Diary of an Ex-Expat, Part 9
New York City :/
So I was in New York for the week.

Good god.

Sometimes in a city you get this sense of, like, what draws people to it. San Francisco is often quite good for that, off the beaten track of the Financial District and the Embarcadero. London is always good for that. I've just never really "got" it with New York.

I was out there for work, which means I didn't spend as much time as I otherwise might've. Such is the nature of the business. I did spend enough time to go out for lunch with a friend. She got soup and... mac and cheese, I think? I got a burger. The total was $80. Welcome to Greenwich Village!

Coming straight to New York from Berlin, you notice a few things.

Firstly, people mumbling on the street are not necessarily more comprehensible. The exception to this was a lovely tatterdemalion at 9th Avenue and 44th Street who grasped my wrists and hissed: congratulations, Barbara to me before letting me go and lurching on his merry way.

... Actually I strike that. That wasn't more comprehensible either.

Secondly, the public transportation system is pretty good. There's a period of getting used to any such system, where you're not yet certain how it works — turnstiles versus random checks, for example. I did get on the train going the wrong way. And the subway was rather loud. But for all that, it was a pleasant experience.

It's a pleasant city to walk in, as well, all things considered. I presume that this is more true for certain neighborhoods than others; I walked between Hells Kitchen and Greenwich Village and it seemed perfectly lovely. It's the kind of city you'd rather traverse on bike, but I didn't feel like figuring out the Citi Bike system for only a couple of days -- despite how staggered I was by its counterpart in Berlin, the DB Call-A-Bike program.

Thirdly, the food is worlds better, even if it is more expensive. It was only briefly that I ran into trouble.
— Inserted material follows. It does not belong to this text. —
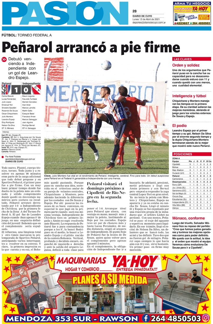 Diario de Cuyo | HOME | Noticias Tapa Pasión 12 de Abril del 2021 Por Redacción Diario de Cuyo 11/04/2021 · 0:00 Escuchar la noticia Escuchar la noticia Your browser doesn’t support HTML5 audio Ver los comentarios ›

One of the things that colours my experience abroad is that I suffer from rather problematic anxiety disorder. I thought that my behaviors were unique, but speaking to a similarly anxious friend it appears they're more common, which is slightly buoying.

In the event, I tend not to ask foreign deli owners to repeat themselves when they ask me questions, because I don't want to [insert reason here], so when they ask if I want something I just nod and say yes. In general this is entirely innocuous. Once, at Ted's deli in San Francisco, it produced an amazing roast-beef-mustard-bean sprouts-provolone-something else-on-tigerbread sandwich whose equal I have yet to find.

(A similar experience in Berlin has, on two magical occasions, gifted me with absolutely fantastic lamb kofta and a magnificent hamburger)

In this case, though, because New Yorkers like to experiment and deli owners are more than willing to take the money of suckers, I wound up ordering -- against all semblance of logic -- a radish and beef spagheti with sriracha sauce instead of spaghetti.

It will probably not surprise you terribly much to learn that this is not edible.

But for the most part, I was not particularly amazed by New York, which mostly set itself off as a more expensive version of the place I already happen to be. I'm not sure what I was missing, other perhaps than a general lack of suitable parks. Central Park is good, but not quite good enough to my way of thinking.

But I'll have the chance to explore it again next weekend, since I'm headed back for a brief 48-hour stay there beginning next Sunday. Fortunately I'm bringing a book for the planeride, or I think I'd find myself starting to go mad.